» Problem details
Omit the pictures and return every entry exactly as written.
BEGIN
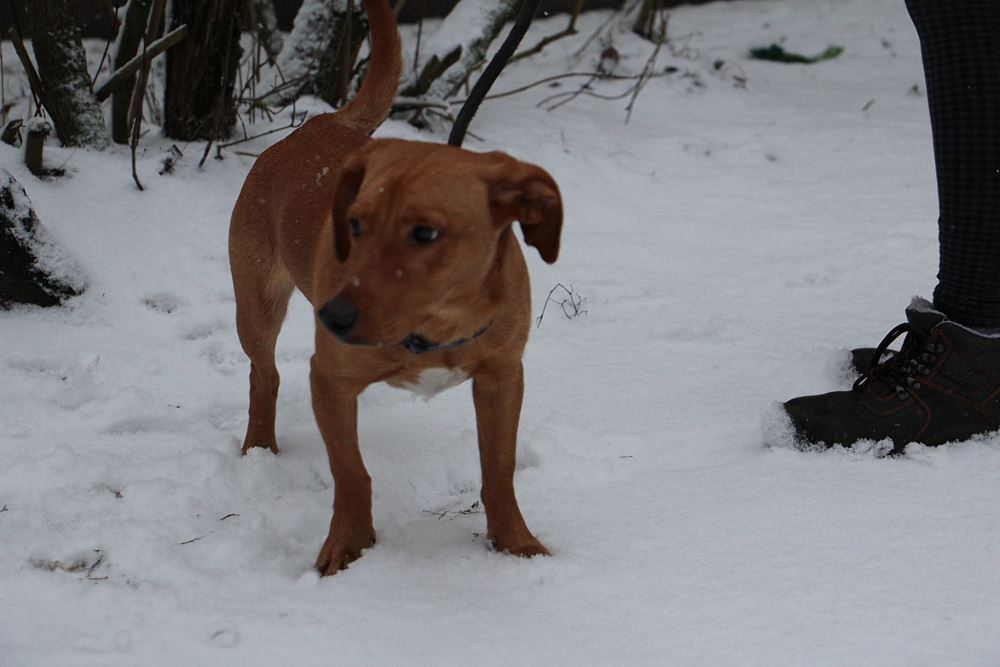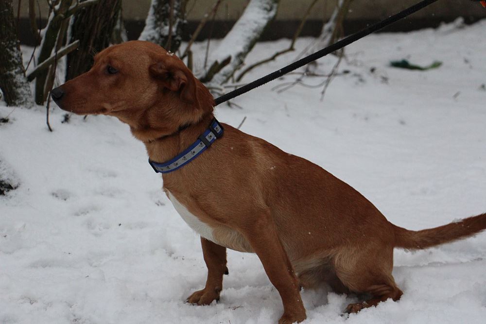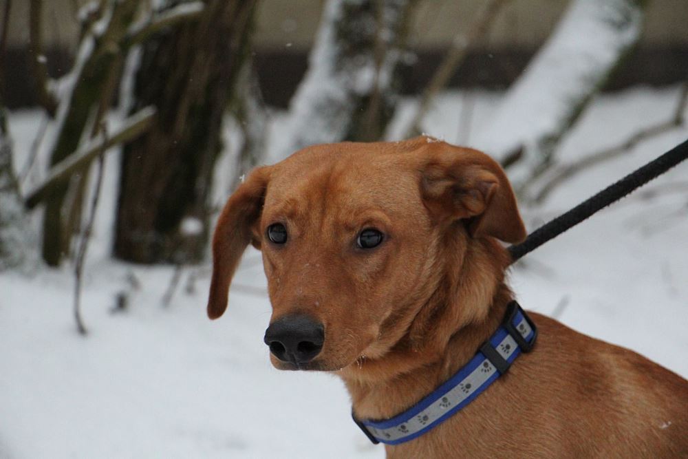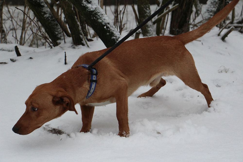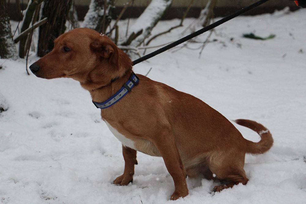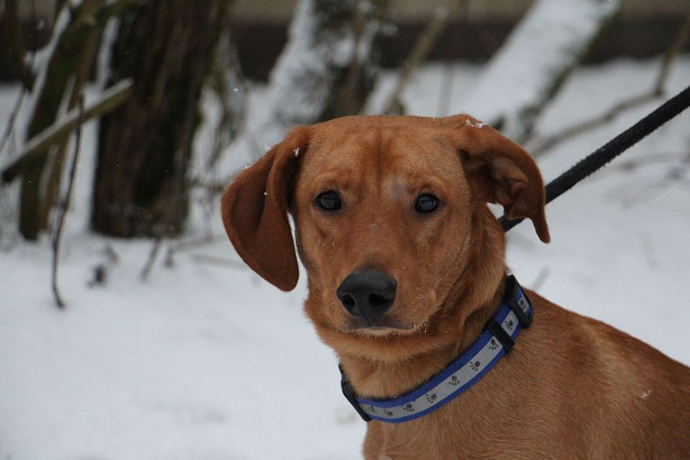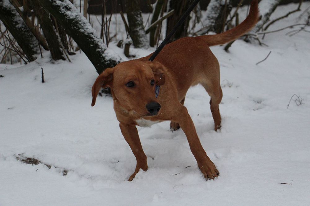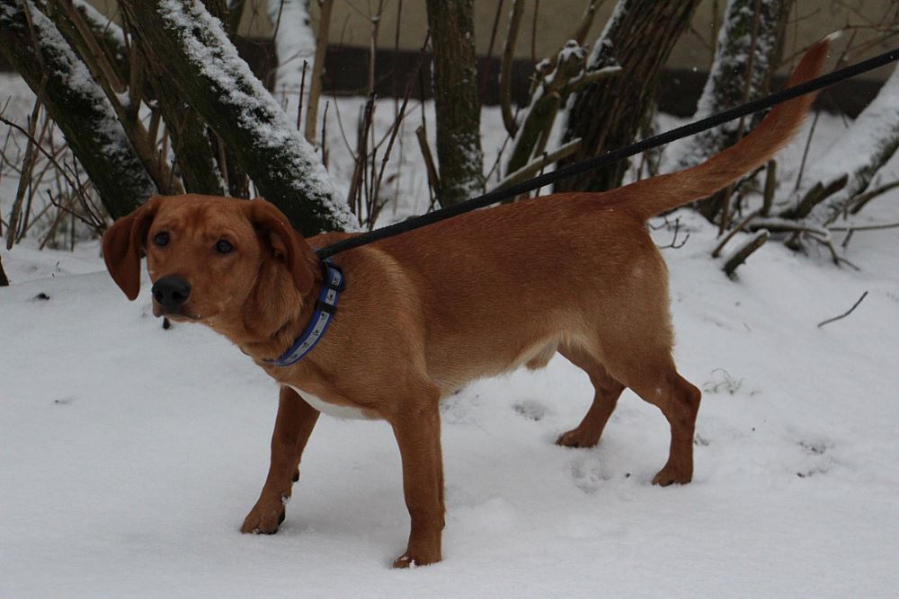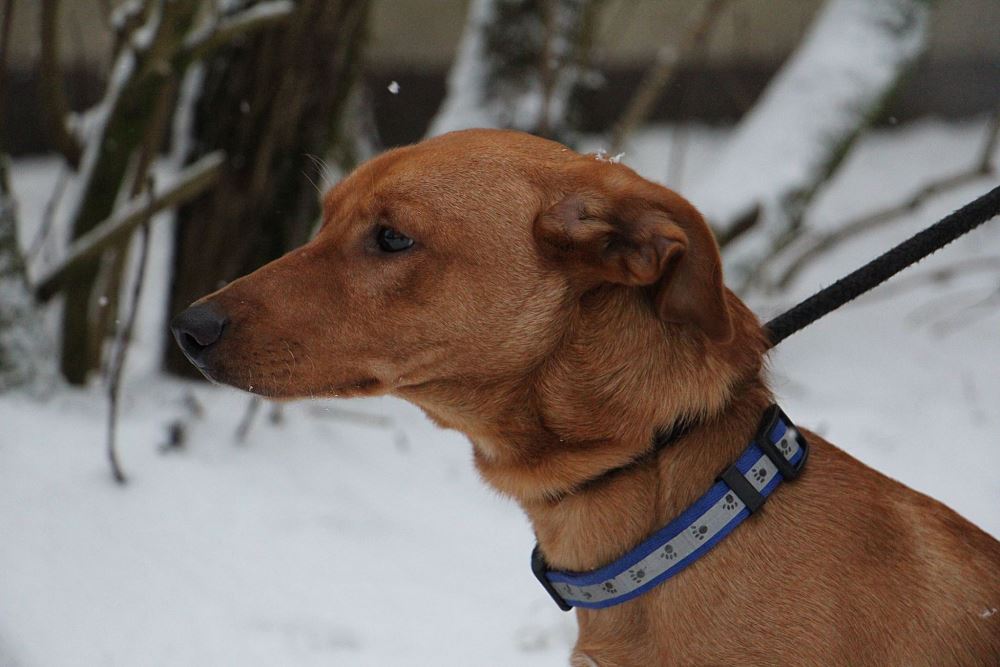 Pies odłowiony 16 stycznia w gminie Murowana Goślina w Łopuchówku. Błąkał się tam dobry tydzień. Jest młody ma około 1 roku.
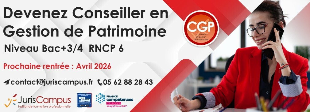 Le titre de Conseiller en Gestion de Patrimoine de l’institut JurisCampus permet d’obtenir un Niveau 6 de formation (Bac + 3/4), reconnu par l’État.
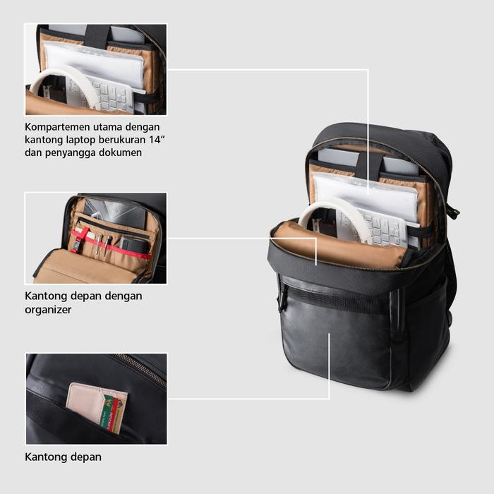 Bodypack Weston 1.0 Laptop Backpack 14 Inch Tas Ransel Kerja Kuliah Sekolah Classic 21 L - Hitam - Hitam
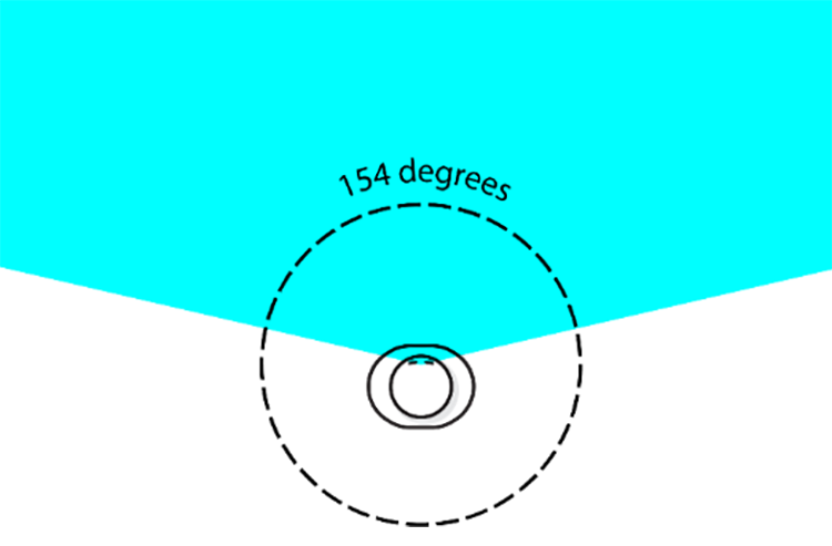 According to Lim & Lee, motion sickness in VR increases with a higher Field of View (FOV), such as the angle of what is observable from a particular vantage point, measured in degrees (Lim and Lee 2023). A restricted FOV offers a more comfortable experience and McCurley suggests 154 degrees when allowing head turn (McCurley 2016). For a viewing experience seated in a movie theater, we assume this angle would be appropriate for AD. See Image 2.
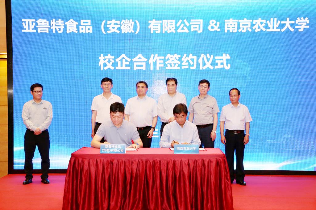 会上举行了“校企合作签约仪式”,许泉代表学校分别与江苏立华牧业股份有限公司、江苏百英生物科技有限公司、亚鲁特食品(安徽)有限公司签署合作协议。
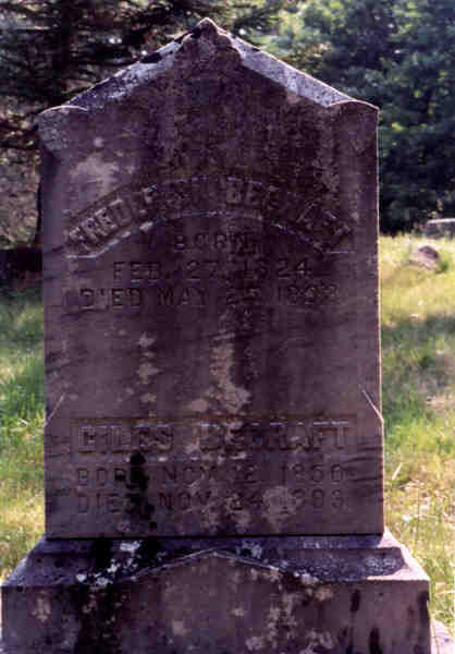• He appeared on the Federal census in 1870 in Morehouse, Hamilton, New York, United States. Frederick Becraft, age 47, farmer, property 1000, born NY; Matilda, age 41, keeping house; Giles, age 19, laborer; Idora, age 15; Emma Jane, age 11.
END
» Task solution
 Pies odłowiony 16 stycznia w gminie Murowana Goślina w Łopuchówku. Błąkał się tam dobry tydzień. Jest młody ma około 1 roku.
 Le titre de Conseiller en Gestion de Patrimoine de l’institut JurisCampus permet d’obtenir un Niveau 6 de formation (Bac + 3/4), reconnu par l’État.
 Bodypack Weston 1.0 Laptop Backpack 14 Inch Tas Ransel Kerja Kuliah Sekolah Classic 21 L - Hitam - Hitam
 According to Lim & Lee, motion sickness in VR increases with a higher Field of View (FOV), such as the angle of what is observable from a particular vantage point, measured in degrees (Lim and Lee 2023). A restricted FOV offers a more comfortable experience and McCurley suggests 154 degrees when allowing head turn (McCurley 2016). For a viewing experience seated in a movie theater, we assume this angle would be appropriate for AD. See Image 2.
 会上举行了“校企合作签约仪式”,许泉代表学校分别与江苏立华牧业股份有限公司、江苏百英生物科技有限公司、亚鲁特食品(安徽)有限公司签署合作协议。
• He appeared on the Federal census in 1870 in Morehouse, Hamilton, New York, United States. Frederick Becraft, age 47, farmer, property 1000, born NY; Matilda, age 41, keeping house; Giles, age 19, laborer; Idora, age 15; Emma Jane, age 11.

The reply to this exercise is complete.